Start of Working data

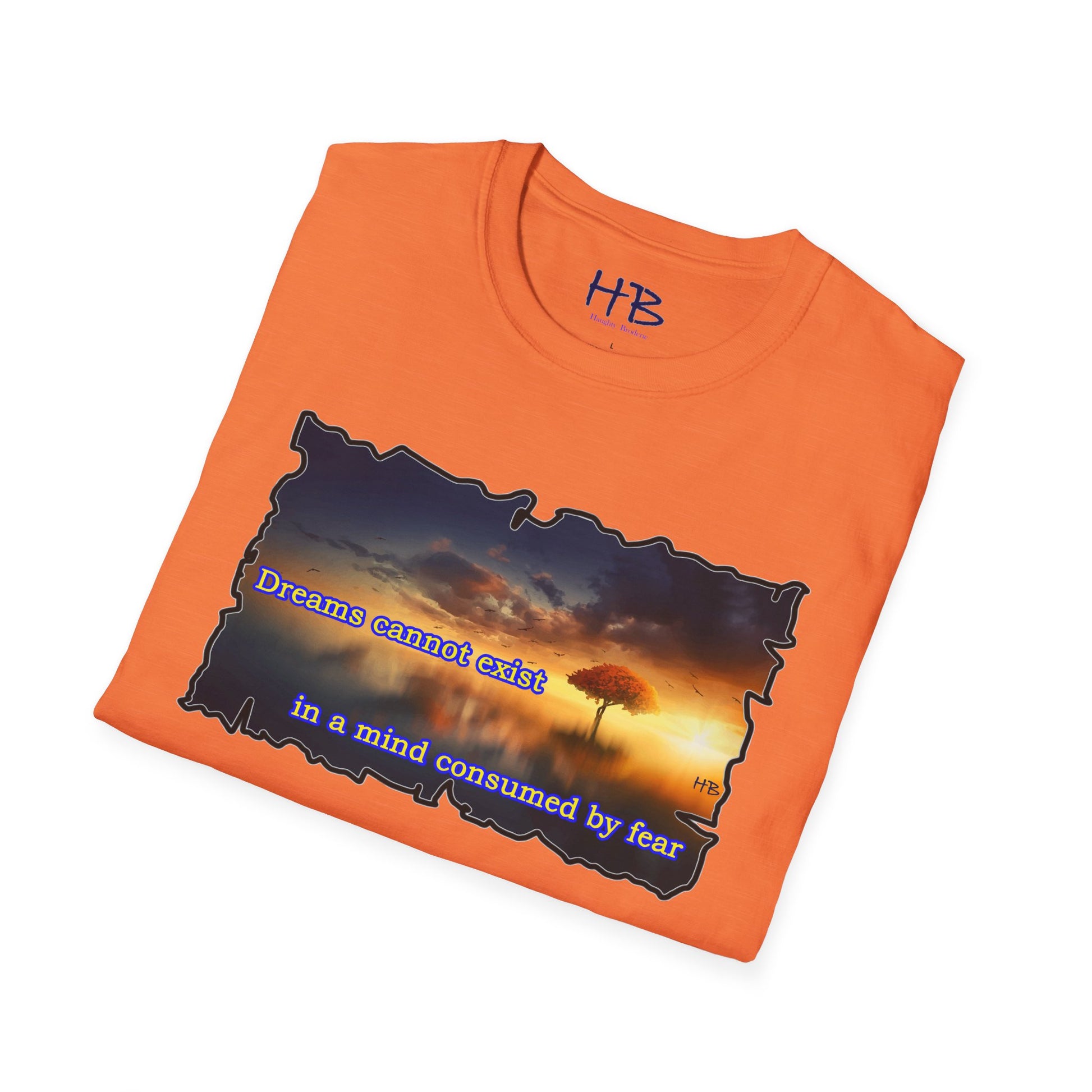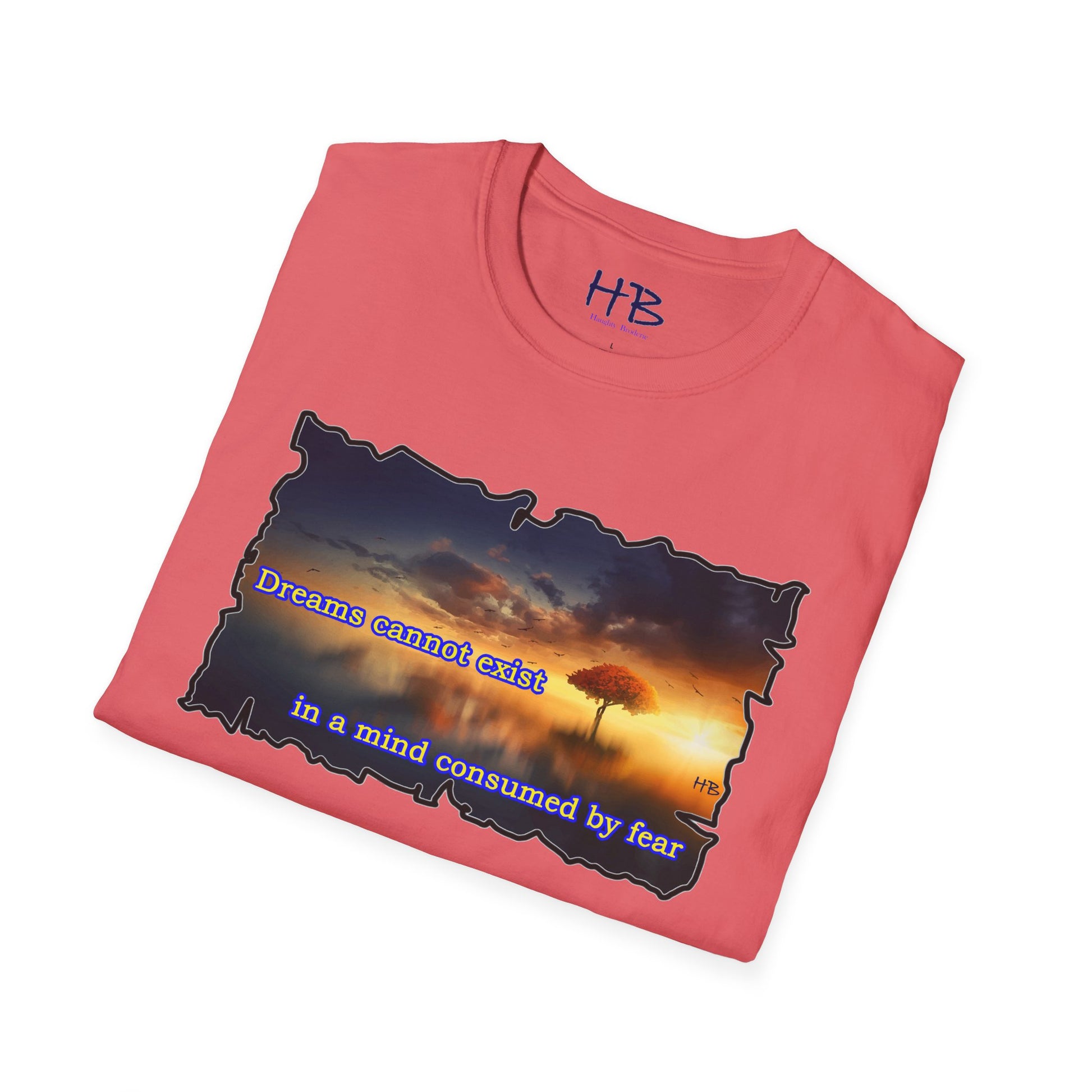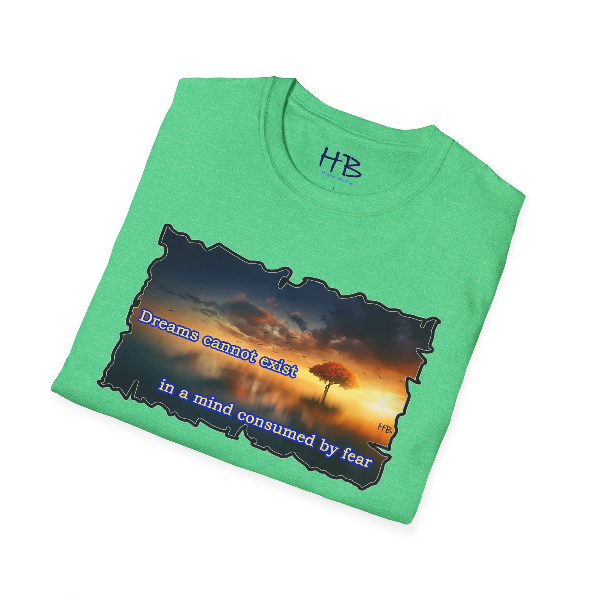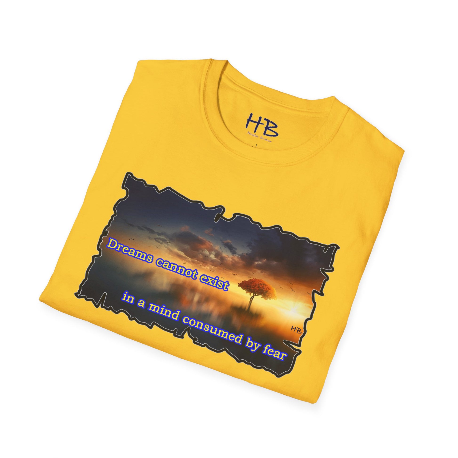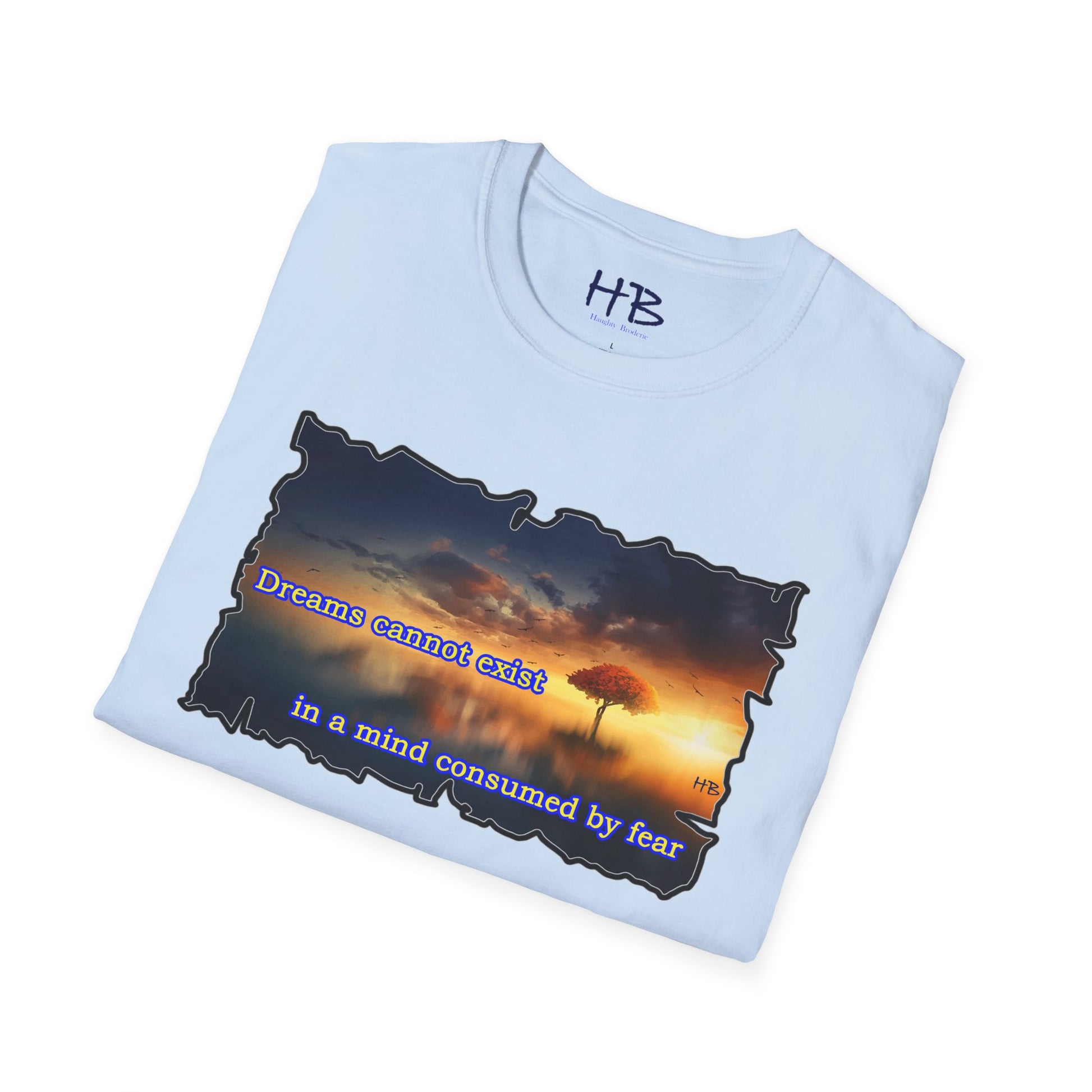Introducing our new tee shirt featuring a breathtaking image of a single tree emerging from the surface of water with the radiant colors of sunset in the background, and birds soaring through the sky. This inspiring image is paired with the powerful message, "Dreams cannot exist in a mind consumed by fear." Our tee shirt design echoes this sentiment, reminding you that fear is the arch-nemesis of your dreams. Fear smothers the flame of your hopes, restricts your mind and limits your potential. Don't let fear hold you back from achieving your dreams. Our tee shirt is made from high-quality material and is comfortable to wear, making it perfect for everyday wear. Wear it as a reminder to push past your fears and embrace the beauty of hopeful dreams. Order now and take the first step towards overcoming your fears and realizing your full potential.
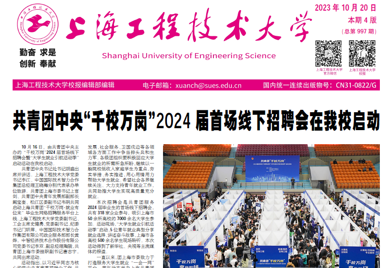 10月20日.pdf第一版共青团中央“千校万岗”2024届首场线下招聘会在必赢启动10月16日,由共青团中央主办的“千校万岗”2024届首场线下招聘会暨“大学生就业引航活动季”启动活动在必赢启动。共青团中央书记处书记胡盛出席并讲话。必赢76net线路官网党委书记李江、中国国际技术智力合作集团总经理王晓梅分别代表承办单位致辞。共青团上海市委书记上官剑、共青团中央青年发展部副部长阚宝奎、松江区委副书记韦明共同启动上海共青团“千校万岗·就业有位来”毕业生网络招聘服务平台上线。必赢76net线路官网党委副书记、工会主席史健勇,党委副书记、纪委书记门妍萍,中国国际技术智力合作集团有限公司政企服务部部长黄烨,中智经济技术合作股份有限公司党委书记李双、副总经理陶骏,共青团上海市委挂职副书记唐志宇,共同出席活动。活动指出,以习近平同志为核心的党中央高度重视就业工作,共青团把促进大学生就业作为主责主业,深入推进“共青团促进大学生就业行动”,努力为党和国家就业工作大局作出贡献。当代大学生要牢记习近平总书记的嘱托,立足本职岗位,积极投身中国式现代化建设,在科技创新、乡村振兴、绿色发展、社会服务、卫国戍边等各领域各方面工
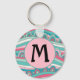 This keychain features a modern wavy background with a black monogram on a pink disc. To change the letter, press "Edit Design", then "Edit text". Tap my shop name to see other items with this design.
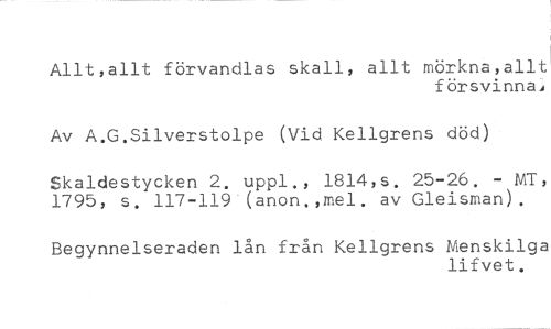 Allt,allt förvandlas skall, allt mörkna,allt //// försvinna4 //// Av A.G.Silverstolpe (Vid Kellgrens död) //// Skaldestycken 2. uppl., 1814,s. 25-26. - MT, 1795, s. 117-119 (anon.,mel. av Gleisman). //// Begynnelseraden lån från Kellgrens Menskilga //// lifvet.
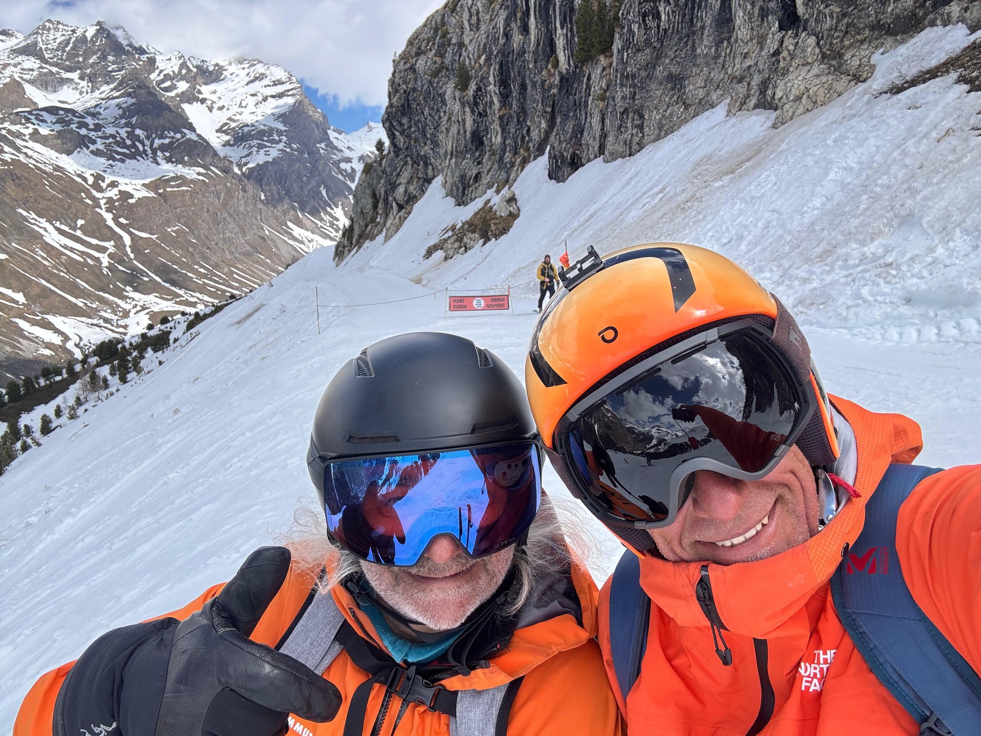 En photo la creazy orange team dans ses habits de lumière (hormis mon sac à dos avalanche qui est aussi orange et mon dva qui sont en vacances pour skier plus léger)🤟

End of Working data

▶ _Problem details_
What is needed is an exact copy of every line from the one with "This keychain features" to the end of the listing above, with the pictures left out.

▶ _Answer section_
 This keychain features a modern wavy background with a black monogram on a pink disc. To change the letter, press "Edit Design", then "Edit text". Tap my shop name to see other items with this design.
 Allt,allt förvandlas skall, allt mörkna,allt //// försvinna4 //// Av A.G.Silverstolpe (Vid Kellgrens död) //// Skaldestycken 2. uppl., 1814,s. 25-26. - MT, 1795, s. 117-119 (anon.,mel. av Gleisman). //// Begynnelseraden lån från Kellgrens Menskilga //// lifvet.
 En photo la creazy orange team dans ses habits de lumière (hormis mon sac à dos avalanche qui est aussi orange et mon dva qui sont en vacances pour skier plus léger)🤟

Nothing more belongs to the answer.